Still referring to FIG. 12 a digital video stream and an audio digital stream having diverse formats such as Telecine, VHS, SVHS, Beta, or the like could be handled by the proposed procedure. The resulting streaming output 358 will be similar in all instances to the original input. The output 358 will have transmission bit rates as low as a few Kb/sec for an about 2.5 MHz video such as VHS, or about 120 Kb/sec for an about 5 MHz video such as SVHS.
Providing a T-VoD Service on Small Screen Systems (SSS)

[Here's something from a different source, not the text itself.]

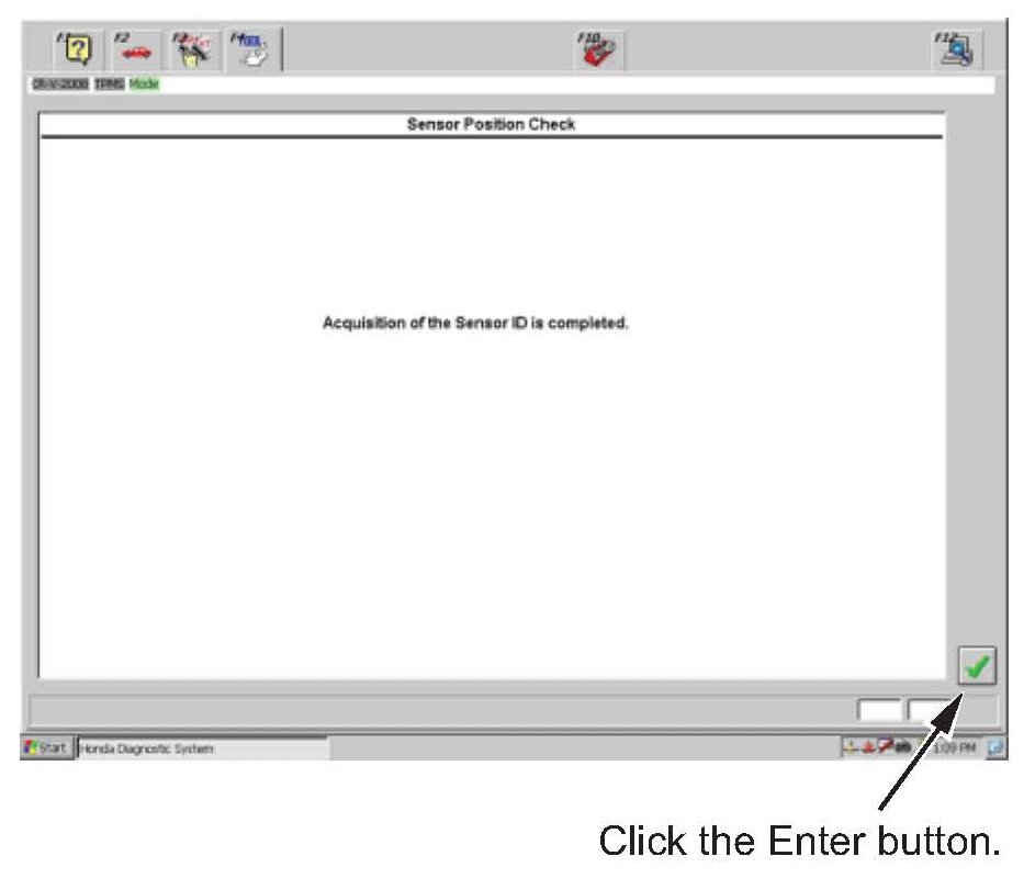 15. The TPMS sensor ID learning changes to the following screen once the procedure is complete. Select the Enter button.

For active display screens having a size of about 8 inches or less the overall area comprises a display array of 160×160 pixels. It was established by the applicants that the subsequent resolution of 25600 pixels is more than adequate for the enjoyment of a motion picture played in an SSS environment. It was further established that in an SSS the original analog or digital media content should be digitized in such a manner that an about 30 Mb per or hour (or less) bit stream is generated. Thus, in an SSS environment the streaming real time bit rate should not exceed 56 Kb/sec, which is the bit rate of a typical modem device. The standard video players incorporated into the operating system packages such as the Windows CE, Palm PC, and the like, which are supplied as supporting software for the existing PDA devices on the market were found by the applicants substantially suitable for receiving and processing the media format in transmitted by the proposed T-VoD system and method. Thus, subsequent to the reduction of the original media to the proposed format via the combination of the DivX codec, and of the Internet IP, the SSS environment is enabled to utilize the T-VoD input with optimal results.

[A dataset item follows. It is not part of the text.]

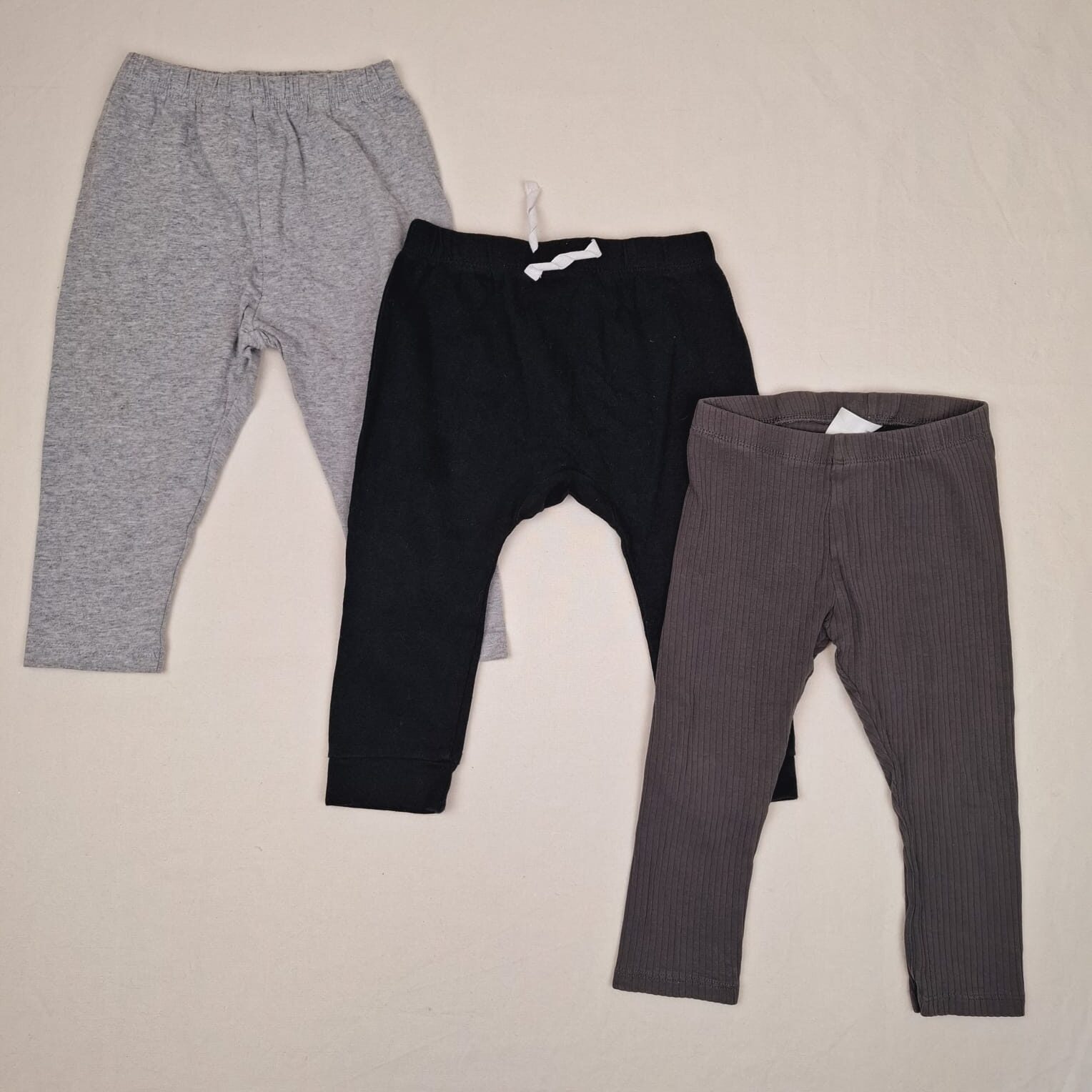 Autres commentaires : Lot de 3 leggings, taille élastique: -Noir uni SHEIN, 100% coton. -Gris uni SHEIN, 95% coton; 5% élasthanne. Gris foncé uni côtelé H&M, 95% coton; 5% élasthanne.

Referring now FIG. 13 that shows the software/hardware components operative in the reduction of the original media format to the proposed substantially compressed video format suitable to an SSS environment. The proposed system and method is capable of receiving various analog formats such as VHS, SVHS, Beta, and the like or digital media having an 8-bit (or higher) format. The analog media formats 410 are converted and digitized in an 8-bit or 16-bit format by an A/D 414. The resulting digital output then fed to a D/A converter 416. The acceptable digital media formats 412 are fed directly to a D/A converter 416. The resulting analog output from the D/A converter 416 is then fed to a video filter 418, which reduces the frequency domains by a factor of about 10. The filtered video stream then fed to an 8-bit A/D converter 419 that drives a DivX codec 420. The output format is the proposed T-VoD bit stream for the SSS environment. The bit stream can be utilized as input media for replication 424, for real time display 422, for storage 425, for real time feed via the XBCS-CATV network 426, or for real time transmission off air via a satellite interface 428. When the SSS environment is a Palm device or an e-book display device then an about 30MB flash memory installable in the SSS device could be fully loaded within a few seconds with a media stream that could provide a playing time of about 60 minutes.
Providing a T-VoD Service on Very Small Screen Systems (VSSS) or Cellular Phones
The very small display screens typically installed in cellular phone devices are having typically a size of about 1 to 3 inches. The screens usually provide a monochrome (B/W) view only and typically comprise a display array of about 100×75 pixels providing a resolution of about 7500 pixels. As the above-mentioned resolution is below the resolution of the human eye the proposed system and method should provide real time streaming bit rate of less than about 14 Kb/sec. Consequently in order to achieve a playing time of about 60 minutes less than about 8 MB storage is needed. These transmission, storage and playing time parameters are substantially sufficient for color displays as well.
Persons skilled in the art will appreciate that the present invention is not limited to what has been particularly shown and described hereinabove. Rather the scope of the present invention is defined only by the claims, which follow.